▸ **WORK ITEM**: Set the pictures aside and write down, exactly as they appear, the lines from the one containing "5.第二天,学个水上漂一重,去拿文皇经,雁行九重升的快可" through the end of the material.

▸ **GIVEN ENTRIES**:
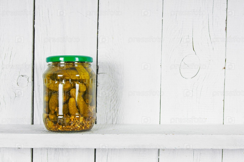 Консервированные огурцы в стеклянной банке
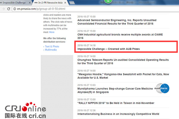 10月30日晚8点,由央视综合频道和央视创造传媒联合制作的大型励志挑战节目《挑战不可能》第二季在央视一套播出。首期节目播出完毕,血迹犬“草根儿”“弹簧腿跳绳少年”岑小林等成为了街头巷尾热议的项目。而早在开播前《挑战不可能》在第53届亚洲太平洋广播联盟中以绝对的优势从亚洲-太平洋地区的众多知名节目脱颖而出,获得了电视娱乐节目类大奖。这也是中国电视综艺节目在“亚广联”上获得的首个原创类节目大奖。这次不一样的是,包括美通社亚洲和推特亚洲等在内百余家的国际媒体与国内媒体几乎同步刊发了《挑战不可能》这一中国原创综艺节目荣获国际大奖的消息。
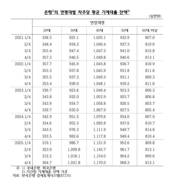 30대 대출 잔액은 2023년 말 9천350만원에서 2024년 말 9천836만원으로 증가한 데 이어 지난해 1억원을 처음 돌파하며 2년 연속 증가세를 이어갔다. 40대도 역대 최대를 기록했다. 지난해 말 40대 1인당 대출 잔액은 1억1천700만원으로 1년 전보다 522만원 늘었으며, 2022년 말 이후 3년 연속 오름세가 지속됐다.
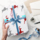 Un motif de rennes dans un rouge sophistiqué (avec une écharpe bleue) et gris sera très beau avec un ruban vert festif, ou argent.
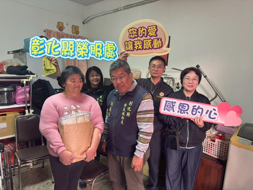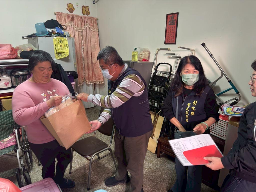 【大成報/彰化報導】為關懷弱勢傷病榮眷,彰化縣榮服處近日由副處長蘇一中率責任區輔導員、急難救助承辦人及服務區組長一行,共同前往遺眷鍾女士家中關懷其生活及身體狀況,致贈愛心保暖物資及急難救助金,送上及時暖暖關懷及服務。
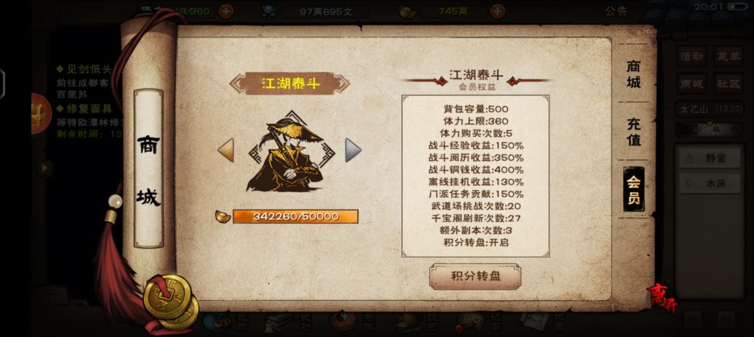 5.第二天,学个水上漂一重,去拿文皇经,雁行九重升的快可以第一天拿,升到200级。然后去沙盘推演,300级后,请教升级合斗守御300级。继续刷野升级钢筋铁骨。45级左右可以尝试墨门副本。这时候我们可以去升级烹饪和炼丹了(一定要文皇经200级),烹饪最好做爆虾菜心材料来源多,炼丹炼跌打药50个,还有南阳老中医每天打工基本上150很简单。(小提示火工老头有烹饪加成,萧佩吟有弹琴加成),我们这时候可以去做主线做到剑柄之谜的时候我们可以提前进太乙学习道学做准备,(去书店买道德经就行,后面书和秘技可以存在凤鸣书院藏书阁)其他时候只有太乙可以从楼顶跳进入少林60级后才行。做到三潭那停,水上票我没升,因为少林一苇渡江一重比水九还好,省我几万阅历。没事可以去拿洛阳宝藏,泰山宝藏和天山宝藏。
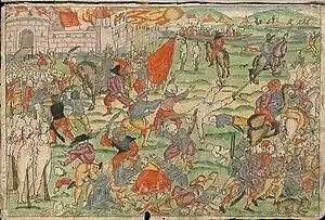 Russian successes followed similar patterns featuring a multitude of small campaigns, with sieges where musketmen played a key role in destroying wooden defences with effective artillery support.[30] The Tsar's forces took important fortresses like Fellin (Viljandi), yet lacked the means to gain the major cities of Riga, Reval (Tallinn), or Pernau (Pärnu).[29] The Livonian knights suffered a disastrous defeat by the Russians at the Battle of Ērģeme in August 1560. Some historians believe the Russian nobility were split over the timing of the invasion of Livonia.[33]
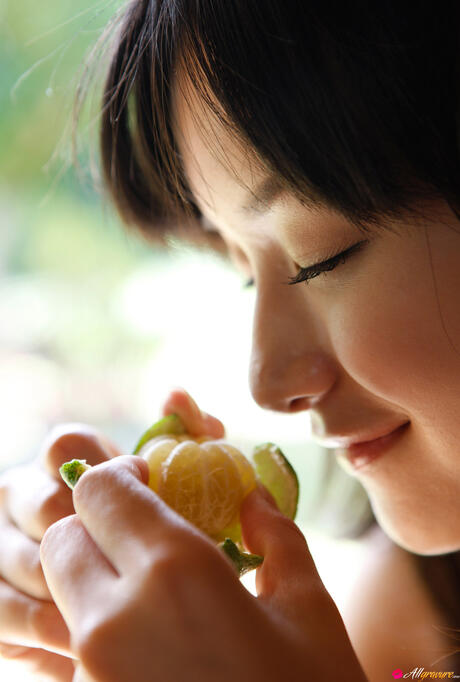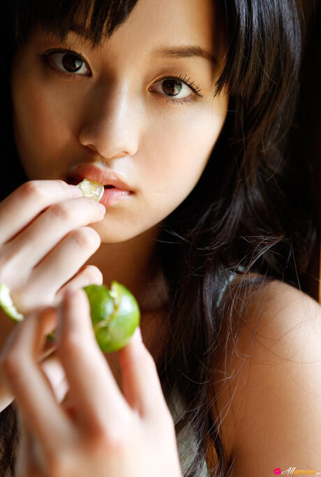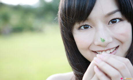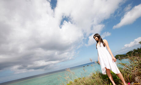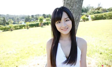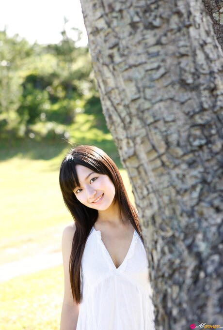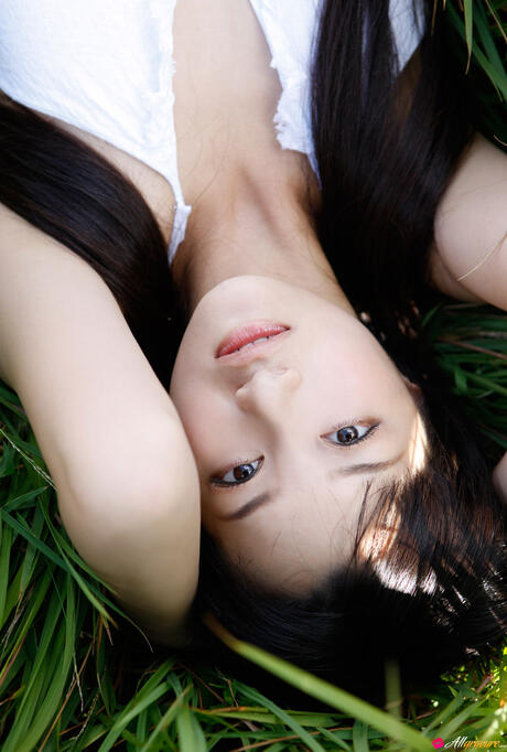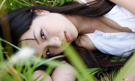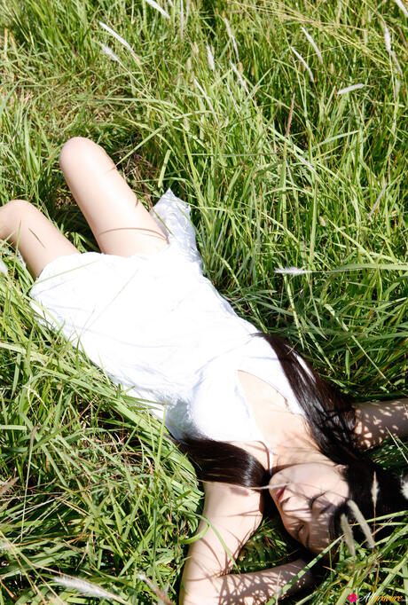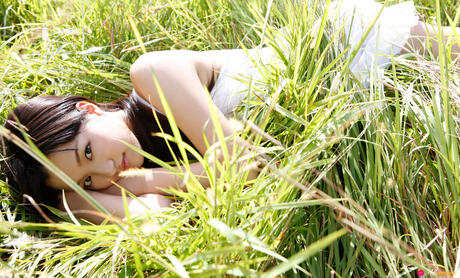 All Gravure: Platinum Asian babe Miyake Hitomi shows her sexy booty and poses in a field
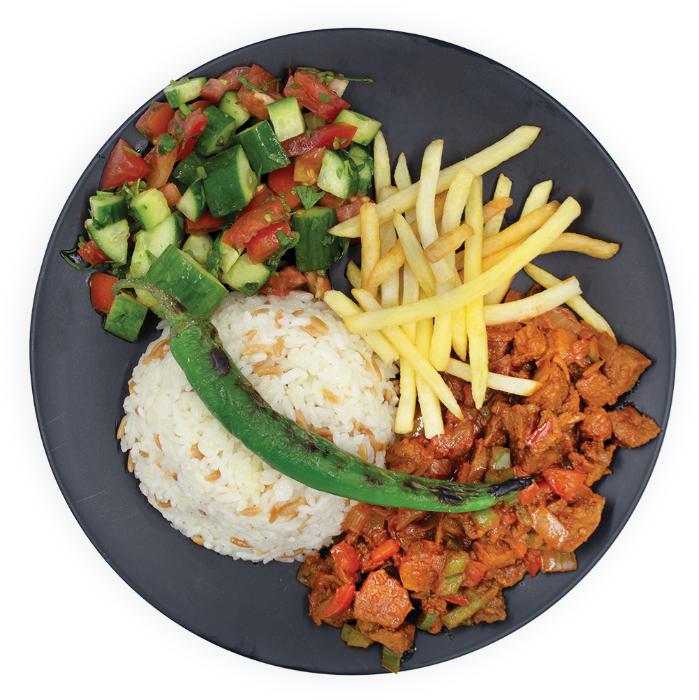 Beef cubes sautéed with onion, red and green capsicum. Served with Turkish rice, fries and salad.
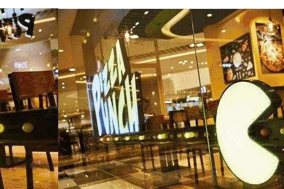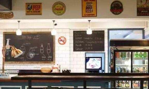 刚进棒约翰店,仿佛潮流酒吧,美式工业风的装潢,昏黄的吊灯、摆成一排的啤酒瓶…新潮又自由的格局!

▸ **SOLVED PROBLEM**:
 5.第二天,学个水上漂一重,去拿文皇经,雁行九重升的快可以第一天拿,升到200级。然后去沙盘推演,300级后,请教升级合斗守御300级。继续刷野升级钢筋铁骨。45级左右可以尝试墨门副本。这时候我们可以去升级烹饪和炼丹了(一定要文皇经200级),烹饪最好做爆虾菜心材料来源多,炼丹炼跌打药50个,还有南阳老中医每天打工基本上150很简单。(小提示火工老头有烹饪加成,萧佩吟有弹琴加成),我们这时候可以去做主线做到剑柄之谜的时候我们可以提前进太乙学习道学做准备,(去书店买道德经就行,后面书和秘技可以存在凤鸣书院藏书阁)其他时候只有太乙可以从楼顶跳进入少林60级后才行。做到三潭那停,水上票我没升,因为少林一苇渡江一重比水九还好,省我几万阅历。没事可以去拿洛阳宝藏,泰山宝藏和天山宝藏。
 Russian successes followed similar patterns featuring a multitude of small campaigns, with sieges where musketmen played a key role in destroying wooden defences with effective artillery support.[30] The Tsar's forces took important fortresses like Fellin (Viljandi), yet lacked the means to gain the major cities of Riga, Reval (Tallinn), or Pernau (Pärnu).[29] The Livonian knights suffered a disastrous defeat by the Russians at the Battle of Ērģeme in August 1560. Some historians believe the Russian nobility were split over the timing of the invasion of Livonia.[33]
 All Gravure: Platinum Asian babe Miyake Hitomi shows her sexy booty and poses in a field
 Beef cubes sautéed with onion, red and green capsicum. Served with Turkish rice, fries and salad.
 刚进棒约翰店,仿佛潮流酒吧,美式工业风的装潢,昏黄的吊灯、摆成一排的啤酒瓶…新潮又自由的格局!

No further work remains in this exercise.